Some writers (again, a noble profession) call for teachers to get more pay. Most writers call for teachers to get more respect.

But if there are noble professions, then it follows that there are ignoble professions. Tony Cookson notes that these professions do not have parades, public gratitude, or love. Note that the "Subway" in Cookson's paragraph refers to a sandwich shop, not a transit agency - but the principle remains the same.

These Subway workers go to work everyday, and they have to deal with customers who show them very little respect. When they return home, they cannot talk about their time at work as something that was meaningful in their life because ... well... society does not respect sandwich artists. That kind of sentiment can wear on you. Not many people thank the worker for making our sandwich, or tell the cashier at the food court to have a nice day.

In fact, I am willing to submit that noble professions are often less important than ignoble ones.

At this point, some of you are looking at me with a horrified stare. "John!" you exclaim. "Teachers shape young minds and prepare them for a future of service! Doctors and firefighters and police officers have the power of life and death! What can be more important than that?"

That's an easy question to answer:

Now if I were one of those people who wrote manipulative memes, I'd declare that most of you aren't willing to spam everyone with the trash collector video above, and that most of you weren't even willing to watch the entire six minutes of the video. (I'll admit that I wasn't.) Despite the title, most of us perceive nothing noble about the six minutes shown here.

But think about this - what would happen if that trash collector had never shown up at all - and didn't show up for several days? This is what would happen.

Mountains of rubbish are piling up in the Spanish city of Seville after a strike by binmen reached its tenth day.

Rubbish collectors are protesting at proposed cuts to their working conditions as the Andalusian city's municipal government battles to balance its books. So far around 6,000 tons of rubbish have been left uncollected since the strike started.

And did people step in with heartfelt pleas for the plight of the noble, underpaid garbage workers? No. Those commenters who weren't railing against the European Union were offering comments like this:

Sack the bin men, employ others that want the work. Get the managers to also do the work 1 or 2 days a month. Just so they dont get above themselves I`d soon get the Country back on it`s feet. Where`s my whip ?
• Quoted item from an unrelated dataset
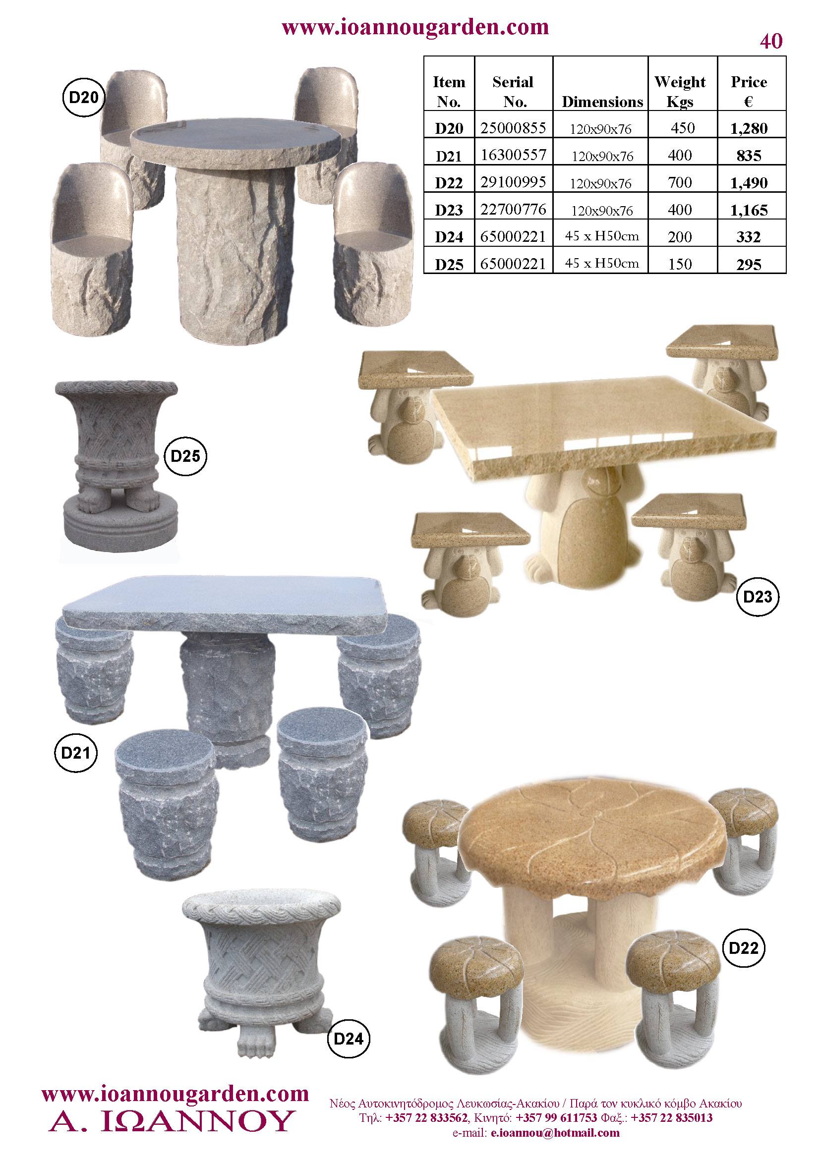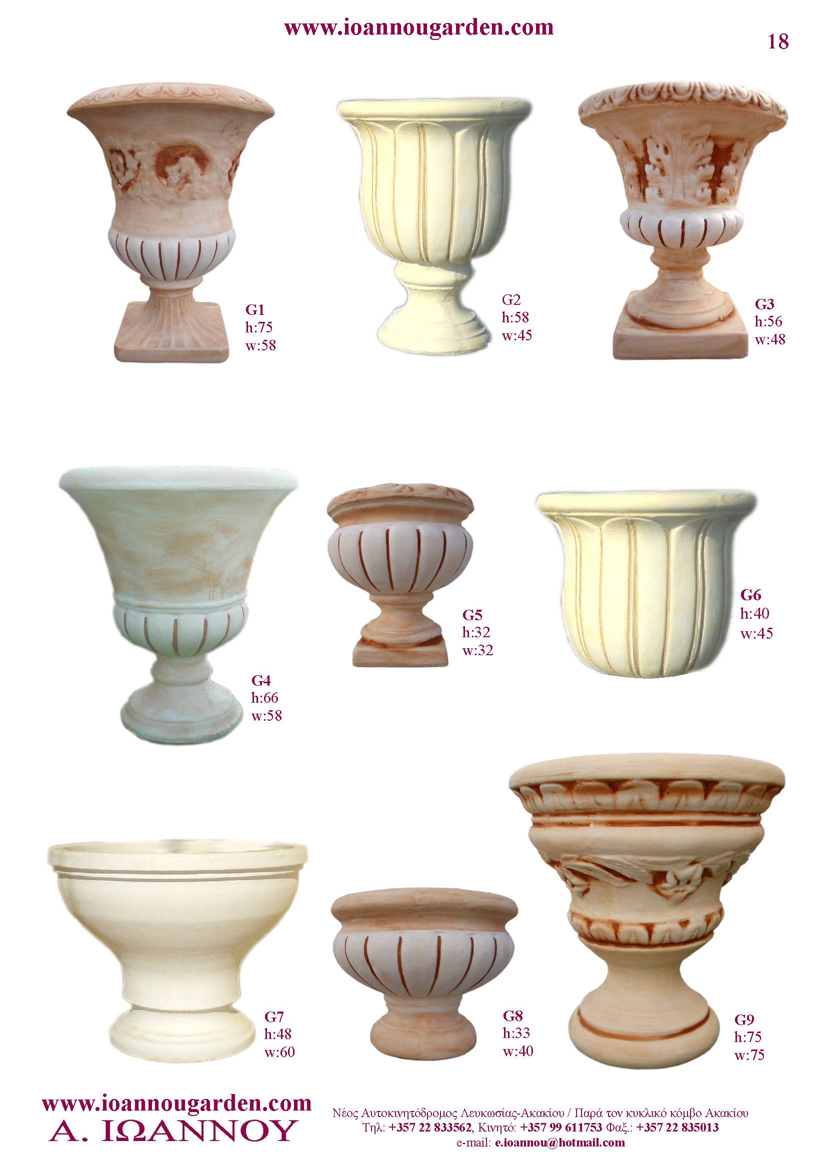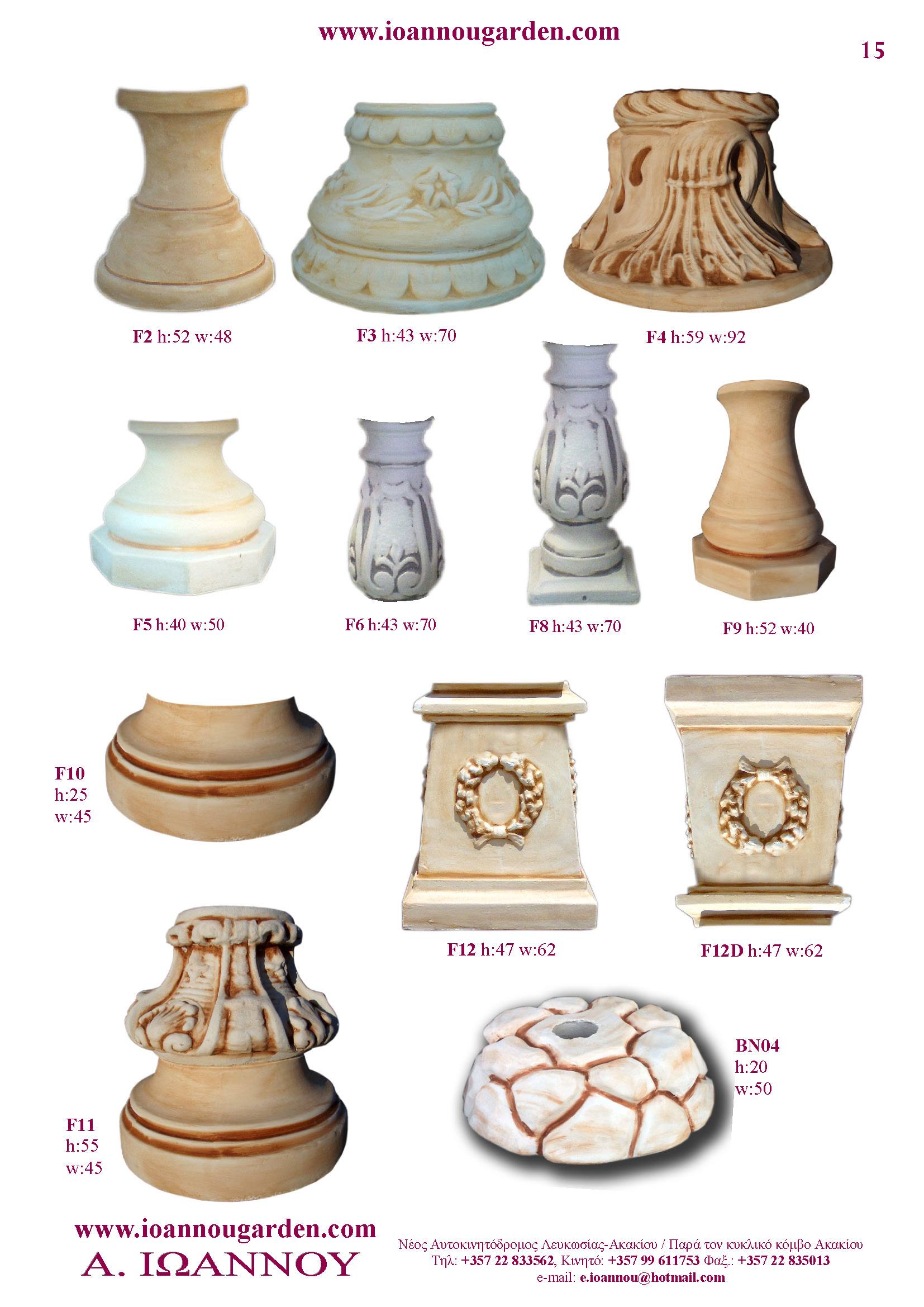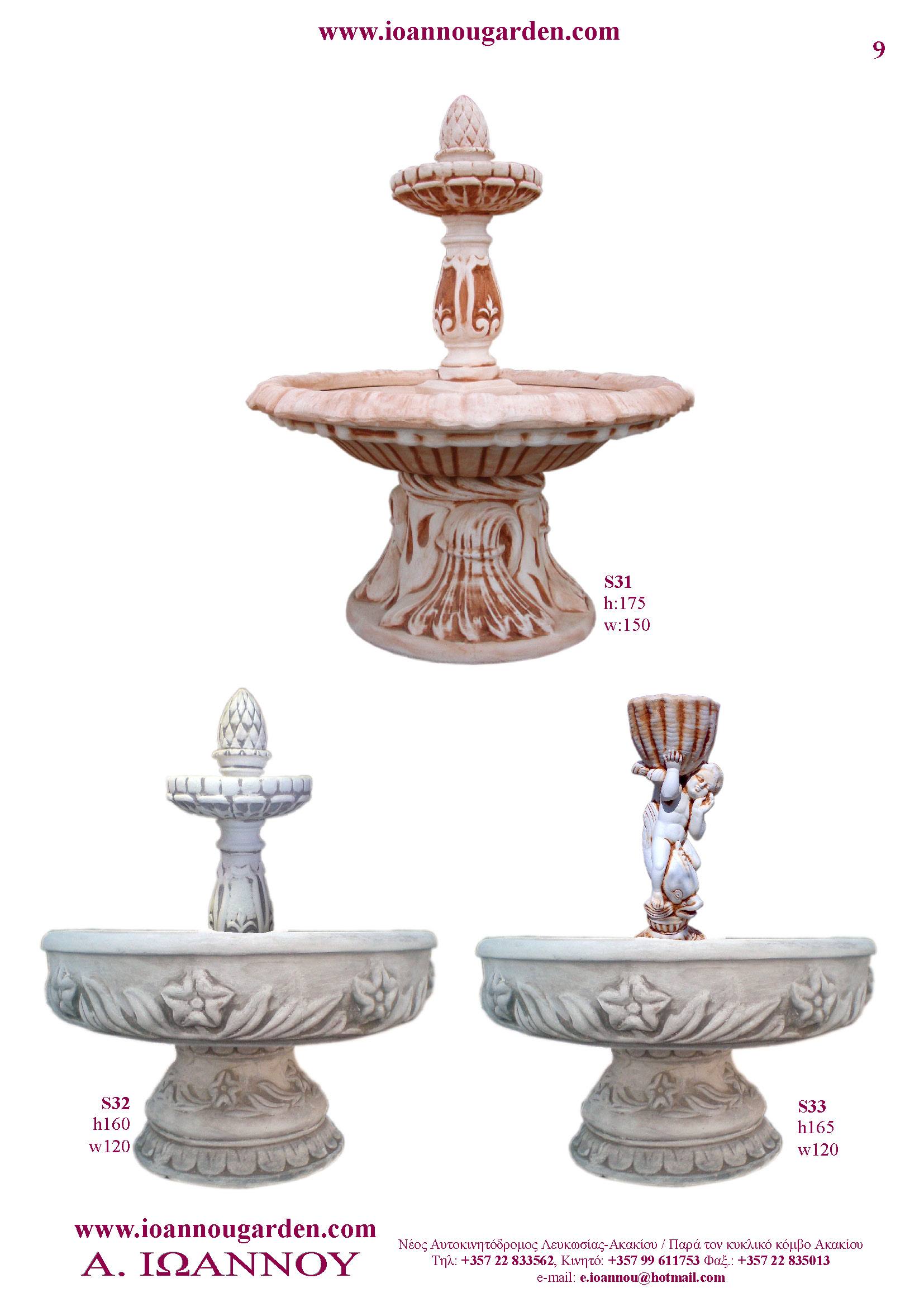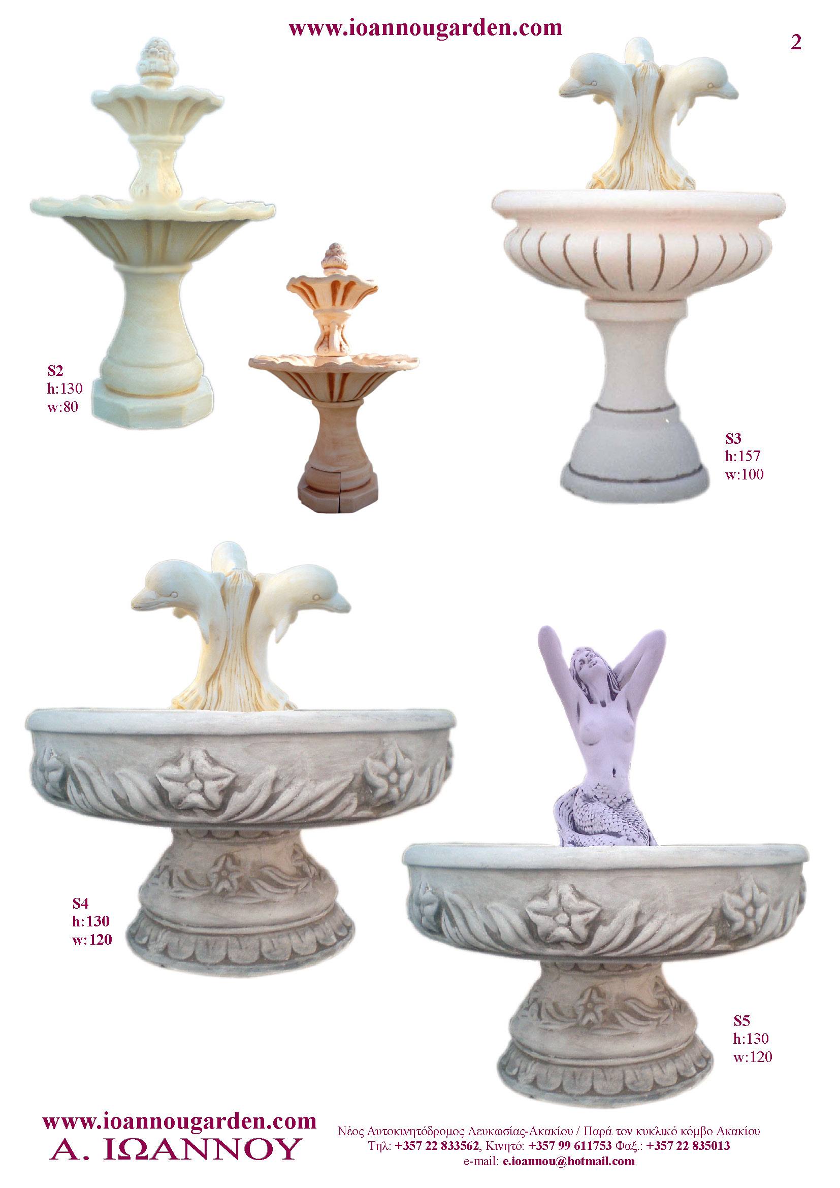 Αγάλματα & Σιντριβάνια Εσωτερικού και Εξωτερικού Χώρου * Ανθώνες - Γλάστρες * Βρύσες * Κίονες - Κολωνάκια * Εκκλησάκια - Φωτιστικά * Διάδρομοι κήπων - Διαχωριστικά * Στα μέτρα σας - Στο χρώμα σας

And of course, there are ripple effects. The Daily Mail article noted that the piles of trash could adversely affect tourism.

They can also affect the lives of others, such as the person who has trouble navigating to his favorite sandwich shop because of the piles of trash on the street. And perhaps the trash may become so smelly that the sandwich shop itself would have to close - then the lunch eater, rather than being limited to two choices of bread, would be limited to no choices of bread. The angry person, hungry and with the smell of trash invading his nostrils, decides that he's not going to go back for his afternoon shift as a bagger at a grocery store. This makes life harder for the cashier at the grocery store (who brown-bagged her lunch that day), as she has to do the bagging herself. The lines pile up at the cash register, and the smell of trash wafts into the grocery store every time the automatic doors open.

Angry and fed up, the cashier ends her shift, walks home (the buses weren't running because of a fuel shortage), dodges the trash outside her apartment, looks in vain for her newspaper (they're on strike also), and finally plops down, exhausted, on her couch.

Perhaps the cashier, and the grocery bagger, and the sandwich maker, and the garbage collector are not employed in noble professions. But try doing without them.